Set each line of the material below down word for word, from the first through the line that holds "Hasil Lomba Burung", but not the pictures.

↓↓↓

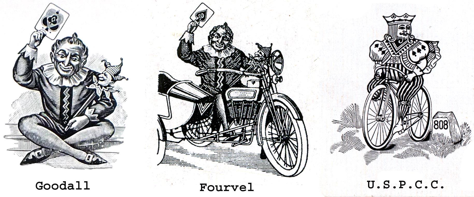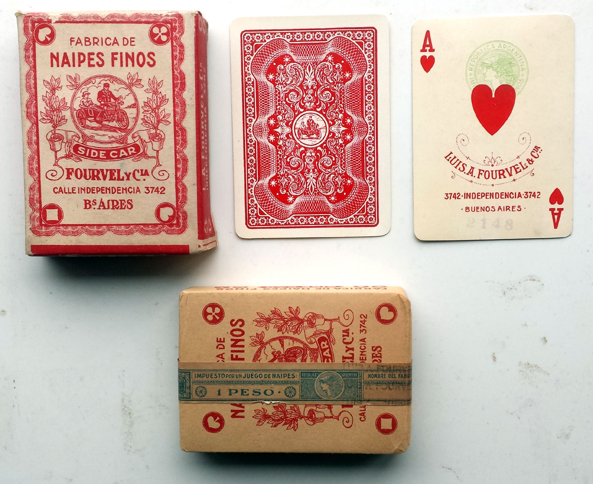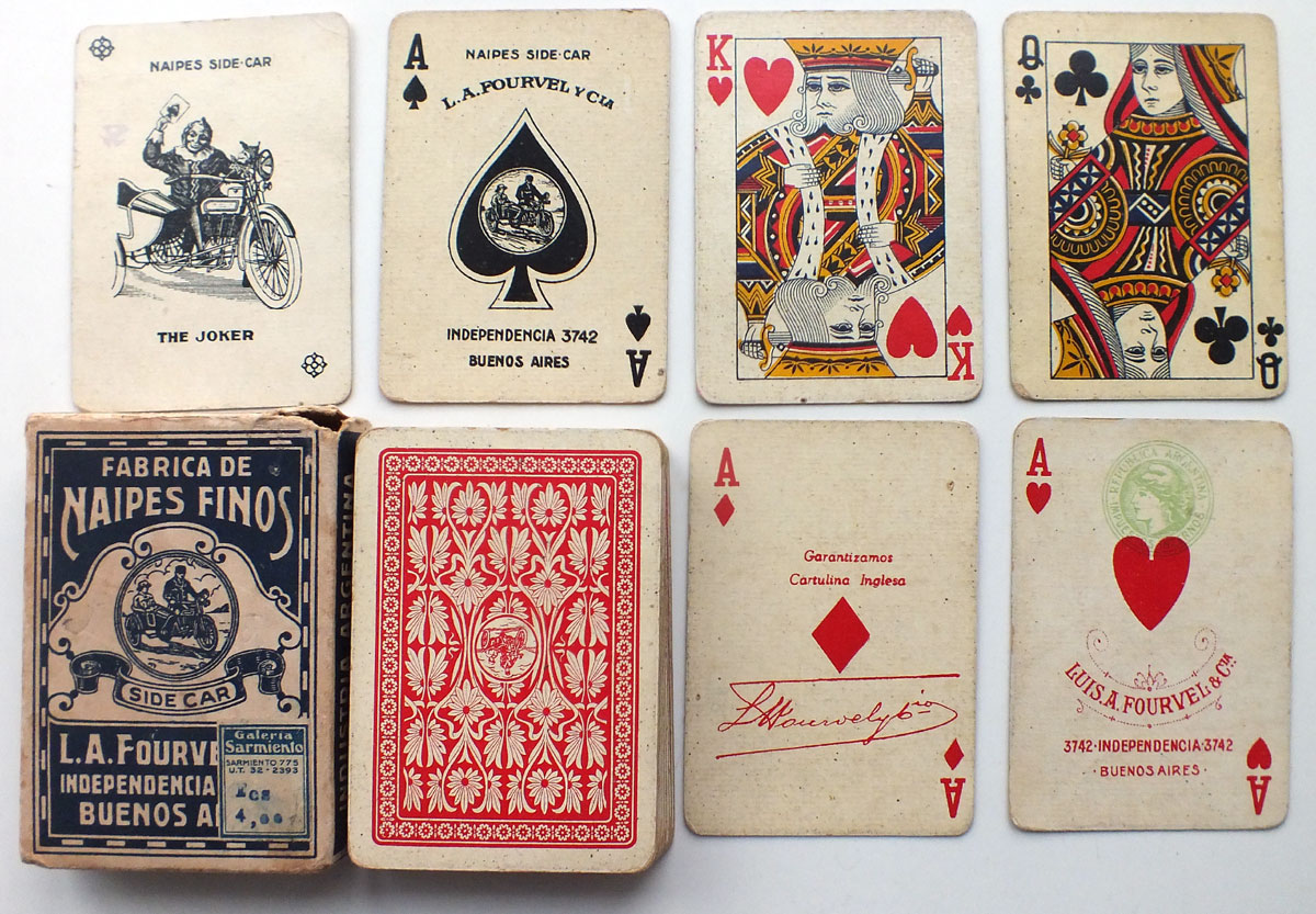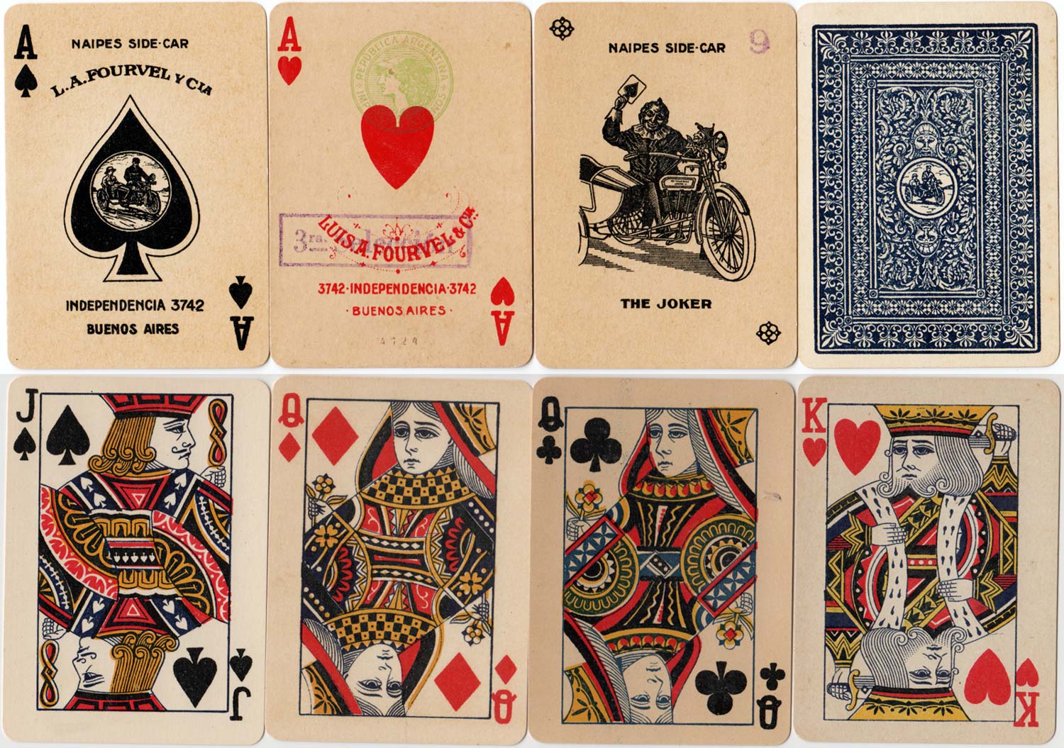 Luis A. Fourvel's standard English style Naipes Side Car were published over several decades, featuring a distinctive Joker based on Goodall's cross-legged Joker riding a motorcycle. The motorcycle & sidecar motif which appears on the boxes, wrappers, backs and Ace of Spades was also inspired by a Goodall back design from the 1920s, which in turn may have been inspired by USPCC's Bicycle brand. The same brand name was also used on Spanish-suited versions of Naipes Side Car and Belgian/Genoese versions.
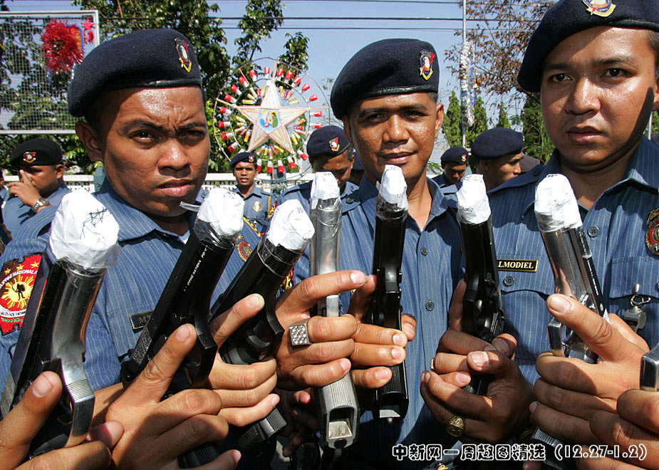 12月29日,菲律賓首都南部的塔吉格市警察部隊為了防止警務人員在慶祝新年時胡亂開槍,下令用膠紙把槍口封起來。圖片來源:中國新聞網>>點擊觀看詳細內容
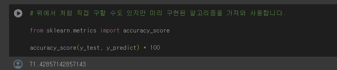 scikit-learn에서 제공하는 accuracy_score 함수를 사용하여 모델의 예측 정확도를 계산하는 방법도 있습니다.
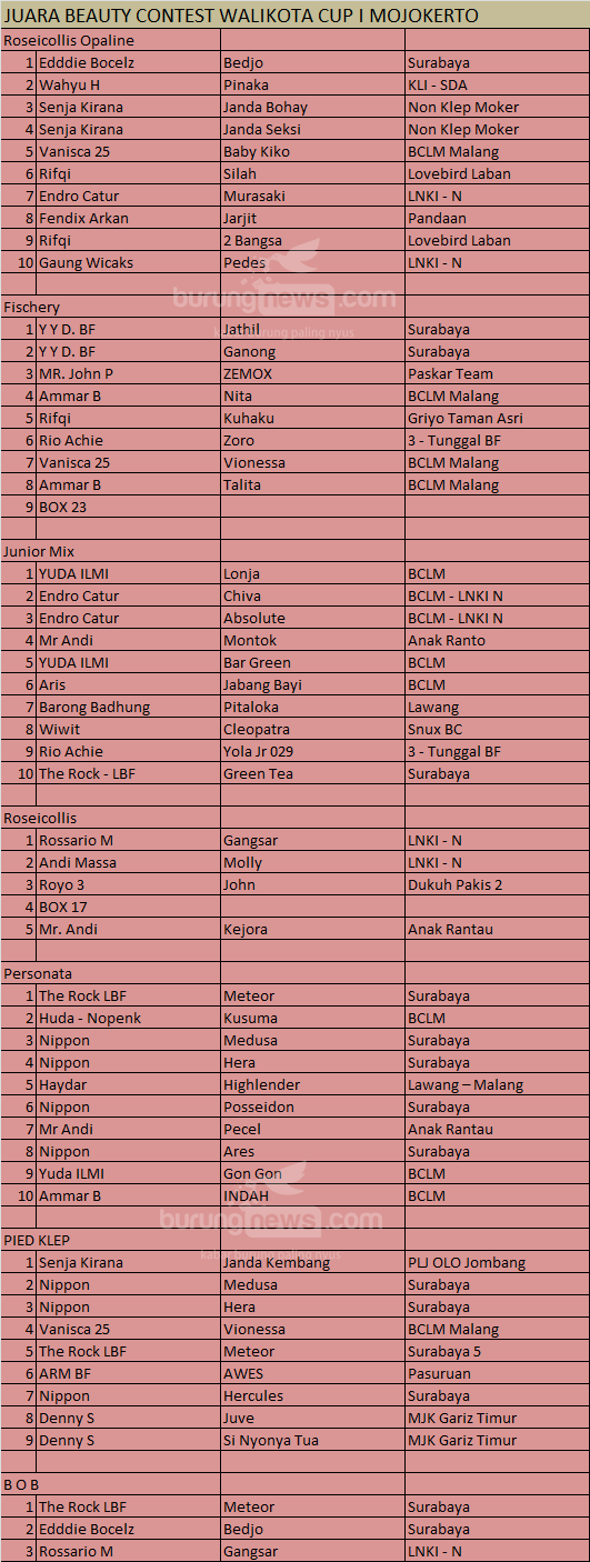 Hasil Lomba Burung
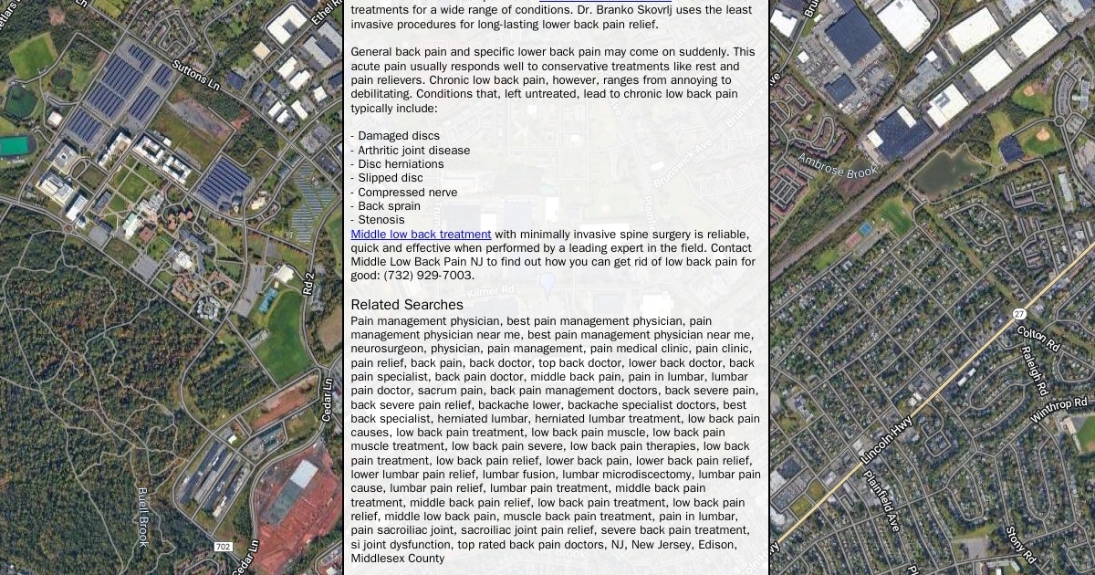 For middle and low back pain relief Middle Low Back Pain NJ offers reliable treatments for a wide range of conditions. Dr. Branko Skovrlj uses the least invasive procedures for long-lasting lower back pain relief.
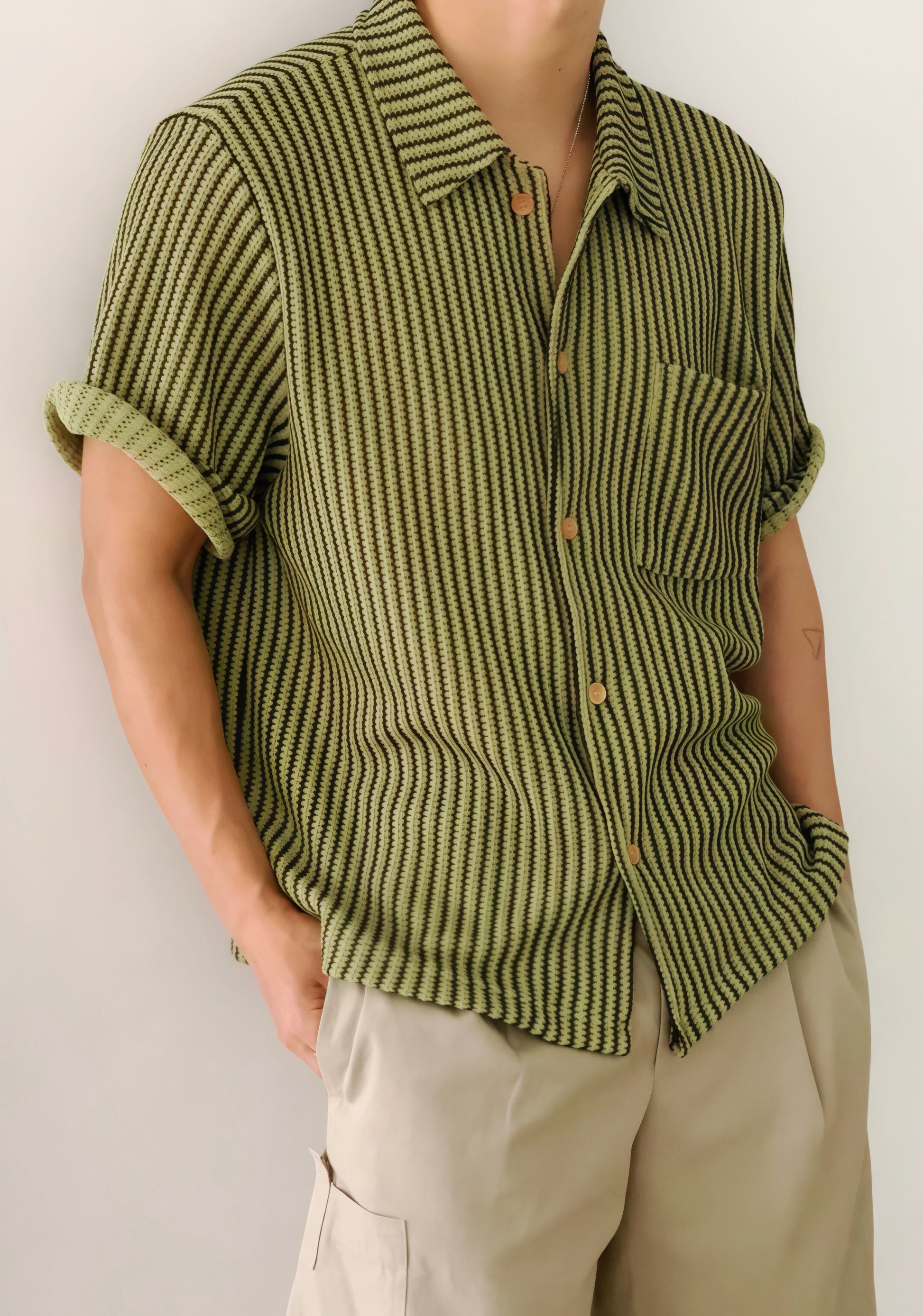 布料挺身唔侷促,唔貼身但有形,袖口自然垂感加上自製的微捲效果,俾人一種自由放鬆嘅感覺。襯短褲、直腳褲、甚至牛仔褲都無壓力,Chill住出街嘆咖啡完全冇難度。

↑↑↑

Your response:
 Luis A. Fourvel's standard English style Naipes Side Car were published over several decades, featuring a distinctive Joker based on Goodall's cross-legged Joker riding a motorcycle. The motorcycle & sidecar motif which appears on the boxes, wrappers, backs and Ace of Spades was also inspired by a Goodall back design from the 1920s, which in turn may have been inspired by USPCC's Bicycle brand. The same brand name was also used on Spanish-suited versions of Naipes Side Car and Belgian/Genoese versions.
 12月29日,菲律賓首都南部的塔吉格市警察部隊為了防止警務人員在慶祝新年時胡亂開槍,下令用膠紙把槍口封起來。圖片來源:中國新聞網>>點擊觀看詳細內容
 scikit-learn에서 제공하는 accuracy_score 함수를 사용하여 모델의 예측 정확도를 계산하는 방법도 있습니다.
 Hasil Lomba Burung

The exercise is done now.